AUDIE CORNISH, Host:
With unemployment at 9.1 percent and the economy as the top issue of the 2012 presidential race, President Obama faces a tough fight for reelection. Still, he might find some encouragement in the history books. Michael Beschloss is a presidential historian. Back in June, he spoke to members of the Obama reelection team as they were preparing for the 2012 race.
MICHAEL BESCHLOSS: I was asked, as I have by presidential staffs of both parties, to go out and talk to a group of White House staff members who were having a retreat at Fort McNair and basically give the kind of history lecture I give almost anywhere else. During the course of it, someone asked - said, people are saying there's an iron law of politics that no president gets reelected with the unemployment rate above a certain number. And I said there are no iron laws of politics, and in fact this one has at least two exceptions.

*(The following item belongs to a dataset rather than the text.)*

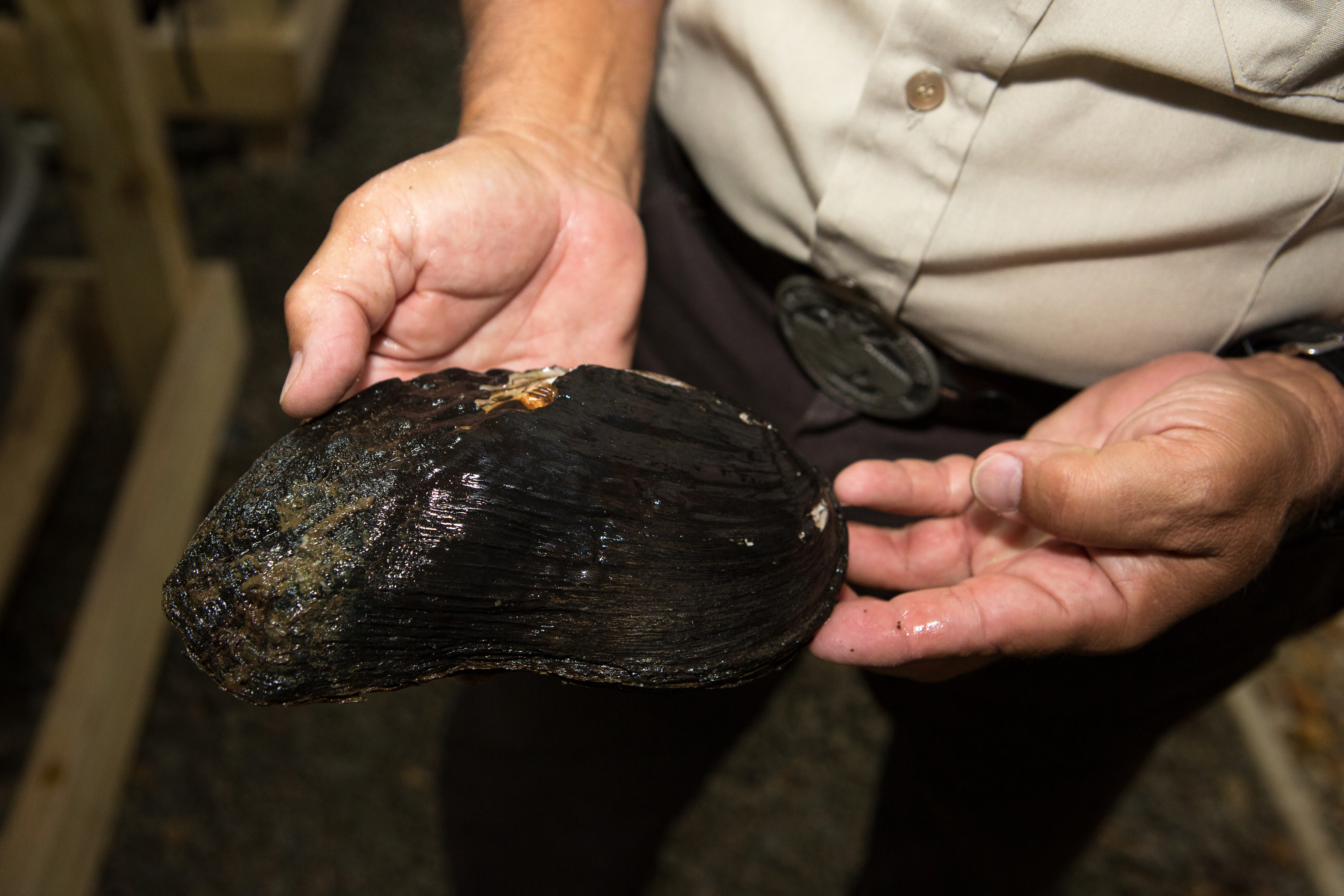 FWS biologist holds a purple bankclimber freshwater mussel. Endangered and/or threatened species.

CORNISH: Michael Beschloss wants to set the record straight: he was not advising the Obama team but speaking about campaign history.
BESCHLOSS: Unemployment is not necessarily a deal breaker for a president: 1936 - Franklin Roosevelt ran for reelection with an unemployment rate of about 16 percent. He was able to make the case that he was pulling the country out of the Great Depression and also that his opponent, Alf Landon, if elected, would return the country to the policies that had caused the Great Depression. Ronald Reagan did sort of the same thing in 1984 with an unemployment rate that was also high, saying that Walter Mondale, who was Jimmy Carter's vice president, would bring back the policies that had caused the recession of 1980. But just as there are no iron laws in politics, not every precedent always holds.
CORNISH: And, of course, with this particular president, Barack Obama, his most recent, say, Gallup poll ratings show that his approval ratings are around 39 percent. I mean, it's pretty low. And I have to admit that that might...
BESCHLOSS: It's pretty...yeah, George Bush...George H.W. Bush, when he ran for reelection, his approval rating was about 37 percent. And he lost that election.
CORNISH: So, what is the political lesson to be learned from this history then? I mean, you talked about FDR and Reagan. What were the strategies that they did use?
BESCHLOSS: Well, I think the beginning thing is to say that no one would ever want to run for reelection with an unemployment that's getting close to 10 percent as it is right now, or a poverty rate that's as high as it is right now or some of the other things that are distressing about this economy. But when you're looking at the elections of the past, you also have to take into account, these people were running against opponents. FDR was running against Alf Landon, who, in many ways, said I'm going to bring back the policies of Herbert Hoover. Had he run against a more progressive Republican who said I accept the New Deal, Social Security and all that, but I'll administer it better and more cheaply, that person might have given FDR a real run. Same thing with Ronald Reagan in 1984. If there had been an opponent who was not so closely tied to Jimmy Carter, who had become so unpopular, that would have been a closer race too. So, anyone who's saying that President Obama is finished because of these bad unemployment and poverty numbers - sure doesn't help; he's going to have a very tough time - but tell me who the opponent is going to be.
CORNISH: Well, let's look at the field. Are there any particular opponents you see on the Republican side who would, based on these sort of historical precedents, really pose a threat?
BESCHLOSS: As a registered Independent, I can tell you I'm doing this only academically. I think the amazing thing is that this far out it is almost impossible to say. If we were talking at this point in the 1980 cycle, which would have been the fall of 1979, many quite intelligent people would have said, you know, best opponent for Jimmy Carter is Ronald Reagan - he's too far right, he's too old, too rooted in the movie industry, you know, less of a commanding leader. Many of the people on the Carter White House staff were praying for Ronald Reagan. It was hard to anticipate that a year later Ronald Reagan might ultimately have turned out to be Carter's strongest competition.
CORNISH: Presidential historian Michael Beschloss speaking with us in our Washington studios. Michael, thank you so much.